The copy should begin at the line containing "31일 오후 광주 무등구장에서" and end with the last line below, every line exact and no picture included.

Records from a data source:
== Segment start ==

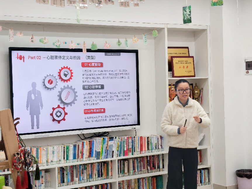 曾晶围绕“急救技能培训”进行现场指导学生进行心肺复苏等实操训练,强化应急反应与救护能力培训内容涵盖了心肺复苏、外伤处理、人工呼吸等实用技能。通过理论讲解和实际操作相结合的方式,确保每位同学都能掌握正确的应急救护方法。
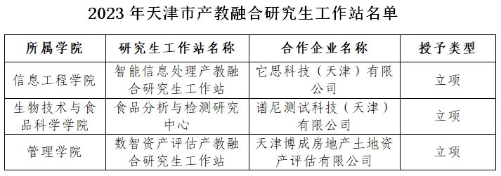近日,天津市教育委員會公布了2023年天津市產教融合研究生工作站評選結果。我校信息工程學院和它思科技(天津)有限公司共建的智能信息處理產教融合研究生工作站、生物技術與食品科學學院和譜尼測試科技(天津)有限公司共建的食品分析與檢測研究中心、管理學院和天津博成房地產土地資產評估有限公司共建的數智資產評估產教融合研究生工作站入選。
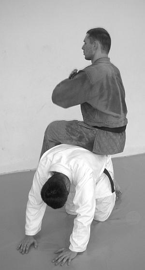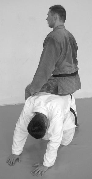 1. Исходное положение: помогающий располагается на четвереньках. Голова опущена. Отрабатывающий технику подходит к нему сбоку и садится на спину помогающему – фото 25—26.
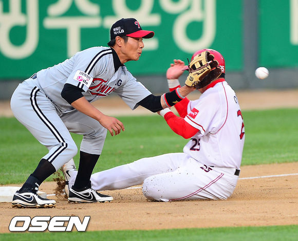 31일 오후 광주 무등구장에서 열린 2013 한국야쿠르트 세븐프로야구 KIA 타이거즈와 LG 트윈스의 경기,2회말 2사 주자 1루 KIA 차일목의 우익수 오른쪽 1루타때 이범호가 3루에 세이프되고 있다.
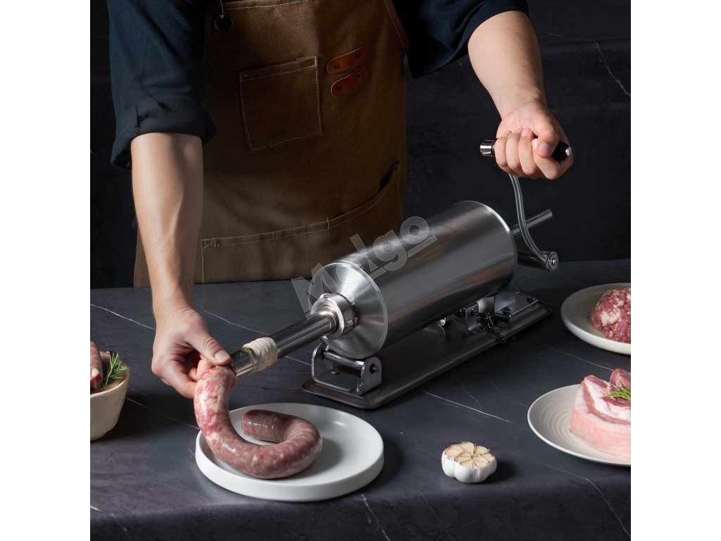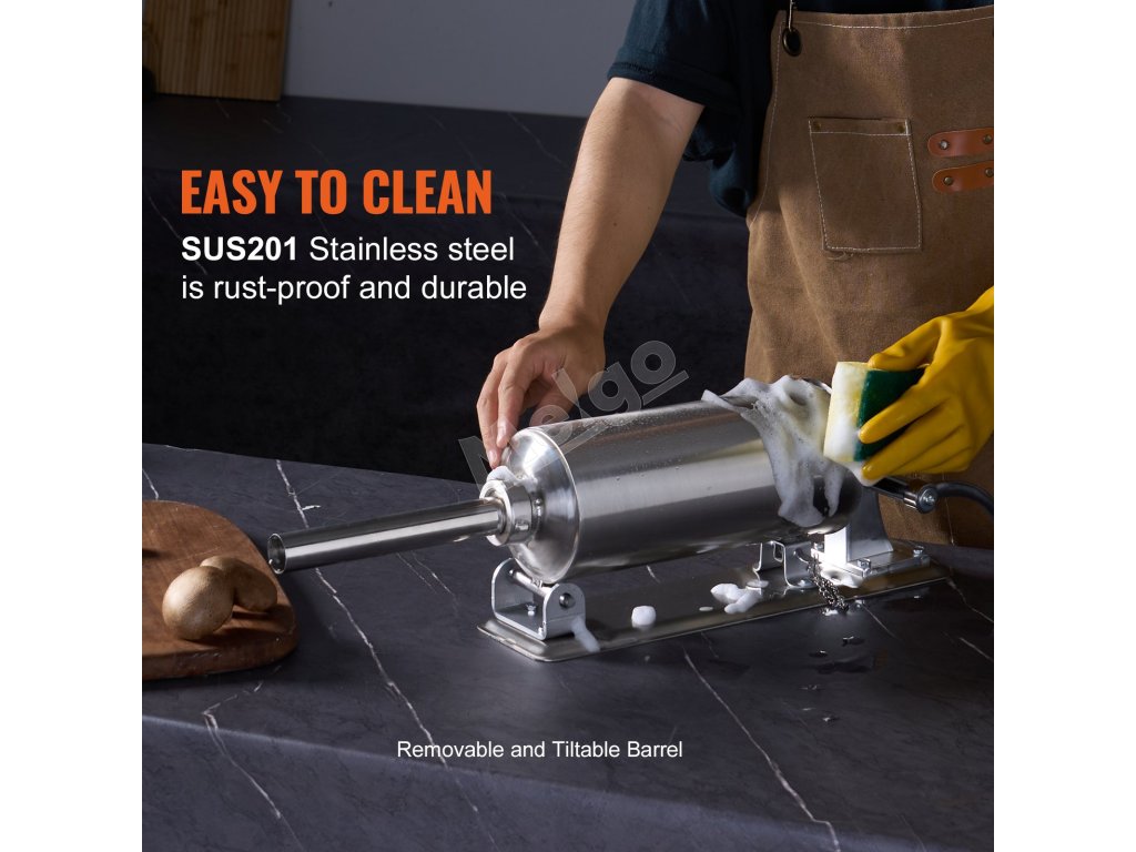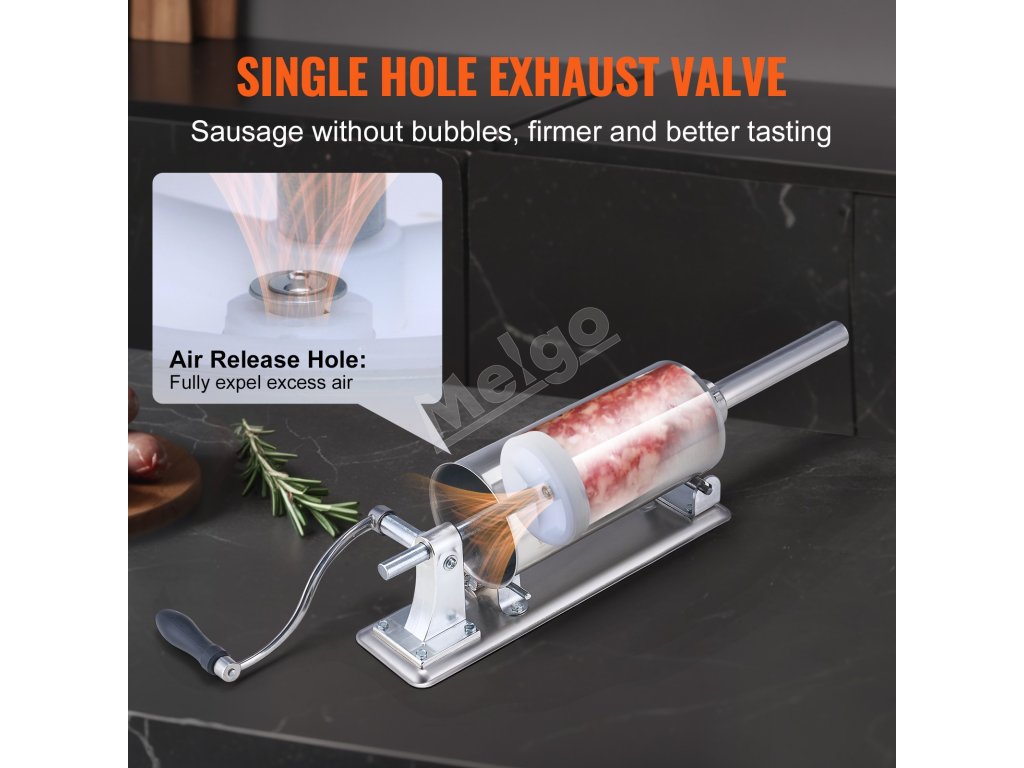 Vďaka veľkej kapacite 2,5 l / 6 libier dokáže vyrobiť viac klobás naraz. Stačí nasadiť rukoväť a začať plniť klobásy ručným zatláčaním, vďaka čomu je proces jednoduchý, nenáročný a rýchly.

== Segment end ==

OUTPUT OF THE EXERCISE —
 31일 오후 광주 무등구장에서 열린 2013 한국야쿠르트 세븐프로야구 KIA 타이거즈와 LG 트윈스의 경기,2회말 2사 주자 1루 KIA 차일목의 우익수 오른쪽 1루타때 이범호가 3루에 세이프되고 있다.
 Vďaka veľkej kapacite 2,5 l / 6 libier dokáže vyrobiť viac klobás naraz. Stačí nasadiť rukoväť a začať plniť klobásy ručným zatláčaním, vďaka čomu je proces jednoduchý, nenáročný a rýchly.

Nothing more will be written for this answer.